Molecular dynamics simulation of primary irradiation damage in Ti-6Al-4V alloys

Abstract

Displacement cascade behaviors of Ti-6Al-4V alloys are investigated using molecular dynamics (MD) simulation. The embedded atom method (EAM) potential including Ti, Al and V elements is modified by adding Ziegler-Biersack-Littmark (ZBL) potential to describe the short-range interaction among different atoms. The time evolution of displacement cascades at the atomic scale is quantitatively evaluated with the energy of primary knock-on atom (PKA) ranging from 0.5 keV to 15 keV, and that for pure Ti is also computed as a comparison. The effects of temperature and incident direction of PKA are studied in detail. The results show that the temperature reduces the number of surviving Frenkel pairs (FPs), and the incident direction of PKA shows little correlation with them.

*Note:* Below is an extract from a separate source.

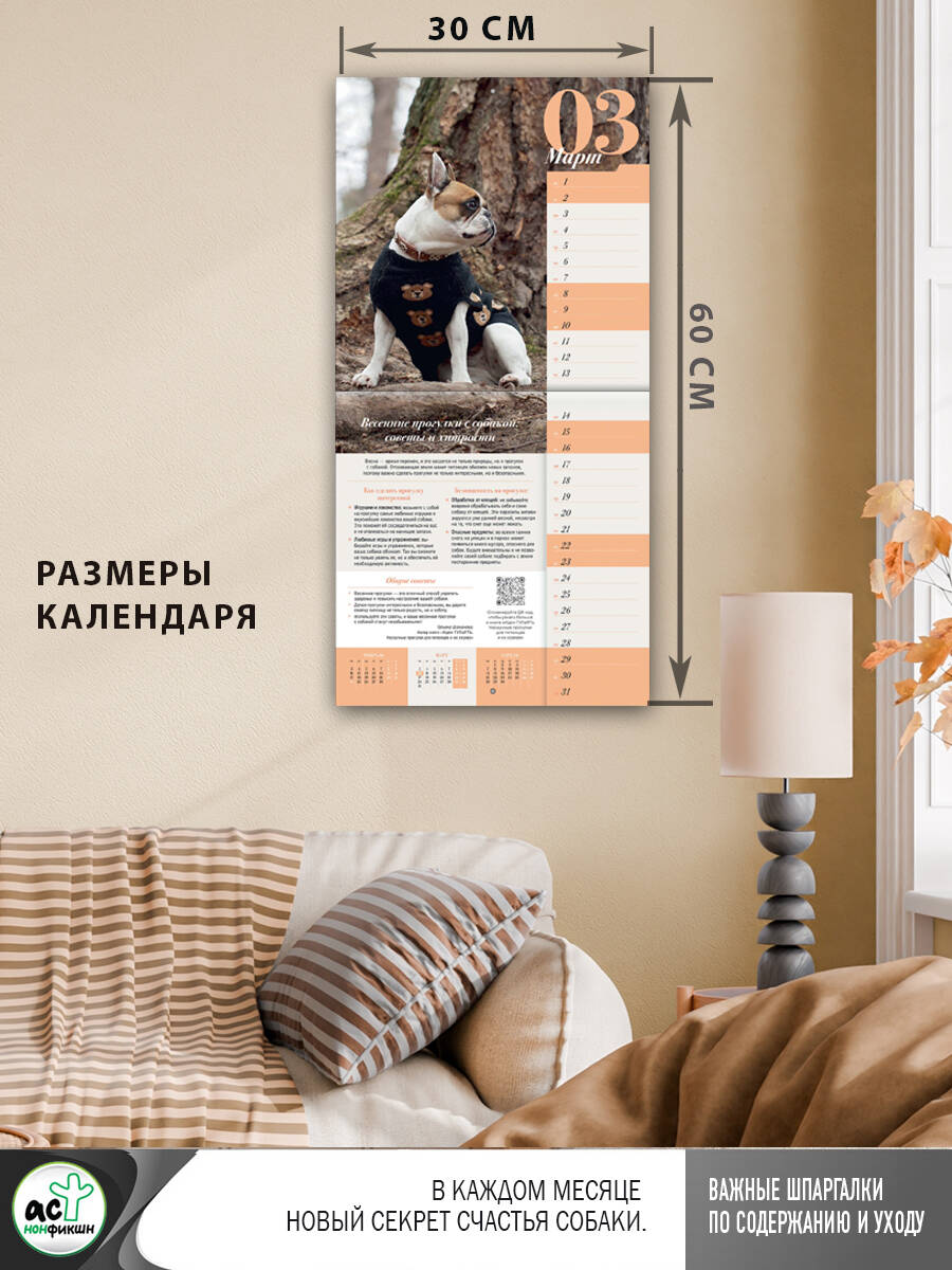 Настенный календарь на 2025 год для владельцев собак с советами от экспертов. • Сезонные особенности организации прогулок от автора бестселлера "Идем ГУЛаЯТЬ. Нескучные прогулки для питомцев и их хозяев" - Татьяны Шамановой. • Рекомендации по играм и развлечениям от известного тренера по бытовому послушанию и трюковой дрессировке - Татьяны Романовой. • Советы по кормлению от ветеринарного врача-диетолога Екатерины Ниговой. Кроме того, в календаре предусмотрено место для записей и напоминаний о важных событиях в жизни вашей собаки.| Издательство | Издательство "АСТ" |

Furthermore, the increasing temperature promotes the point defects to form clusters but reduces the number of defects due to the accelerated recombination of vacancies and interstitial atoms at relatively high temperature. The cluster fractions of interstitials and vacancies both increase with the PKA energy, whereas the increase of interstitial cluster is slightly larger due to their higher mobility. Compared to pure Ti, the presence of Al and V is beneficial to the formation of interstitial clusters and indirectly hinders the production of vacancy clusters.